Cerebral macro- and microcirculatory blood flow dynamics in successfully treated chronic hypertensive patients with and without white mater lesions

Martin Müller, Mareike Österreich, Lehel Lakatos, Alexander von Hessling, Martin Müller, Mareike Österreich, Lehel Lakatos, Alexander von Hessling

Abstract

The mechanisms of high blood pressure (HBP) -related brain pathology progression remain relatively unclear. We investigated whether lowering BP in chronic HBP patients normalizes cerebral perfusion dynamics at resistance vessel and capillary levels. Sixty-seven patients with HBP and 49 age- and sex-matched healthy controls underwent simultaneous recordings of middle cerebral artery blood flow velocity (CBFV), BP, and end-tidal CO2 concentration. Thirty-four controls and 28 patients underwent additional near-infrared spectroscopy recordings (oxygenated [O2Hb] and deoxygenated [HHb] hemoglobin). Degree of microcirculatory white matter lesions was graded by Fazekas scale. Dynamic cerebral autoregulation (dCA) was assessed by transfer function analysis. BP was successfully lowered (patients = 89 ± 15 mm Hg, controls = 87 ± 17), but cerebrovascular resistance was higher in BP patients (p < 0.05). BP-CBFV phase was lower in very low frequency (VLF) (left/right: 48 ± 20°/44 ± 17; controls: 61 ± 20/60 ± 21; p < 0.001) and low frequency (LF) (34 ± 14/35 ± 14; controls: 48 ± 20/44 ± 17; p < 0.05) ranges. Gain was higher in VLF range (in %/ mm Hg 0.56 ± 0.44/0.59 ± 0.49; controls: 0.32 ± 0.29/0.34 ± 0.32; p ≤ 0.005). BP-CBFV phase and gain did not differ across Fazekas groups. Across all patients, the capillary phases and gains (CBFV-[O2Hb], CBFV-[HHb]) were comparable to controls. Successfully treated chronic HBP results in normal brain capillary hemodynamics while the resistance vessel state is disturbed (phase decrease, gain increase).

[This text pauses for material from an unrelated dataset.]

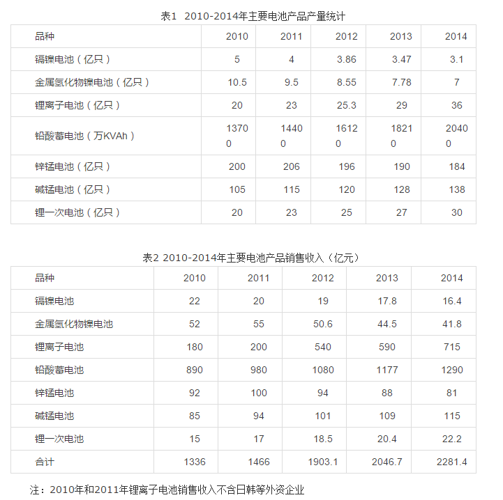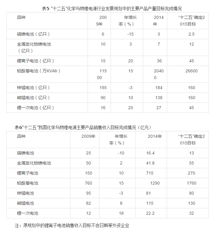 表1至表4列出我國化學(xué)與物理電源行業(yè)主要產(chǎn)品自2010-2014間的產(chǎn)量、銷售額以及出口數(shù)據(jù)統(tǒng)計(jì)。表5和表6則比較了2014年與2009年同類數(shù)據(jù)的比較,并對照了“十二五”行業(yè)發(fā)展規(guī)劃規(guī)定的相應(yīng)目標(biāo)。

Conflict of interest statement

The authors declare no competing interests.

Figures

Figure 1
Figure 1
Phase shift (Phi) between controls and all high blood pressure (HBP) patients in the very low (VLF) and low frequency (LF) range. Statistical analysis performed by t-test. Error bars indicate standard deviation.
Figure 2
Figure 2
Comparison of gain (in %CBFV change/ mm Hg) between controls and all high blood pressure (HBP) patients in the very low frequency (VLF) and high frequency (HF) ranges. Statistical analysis performed by t-test. Error bars indicate standard deviation.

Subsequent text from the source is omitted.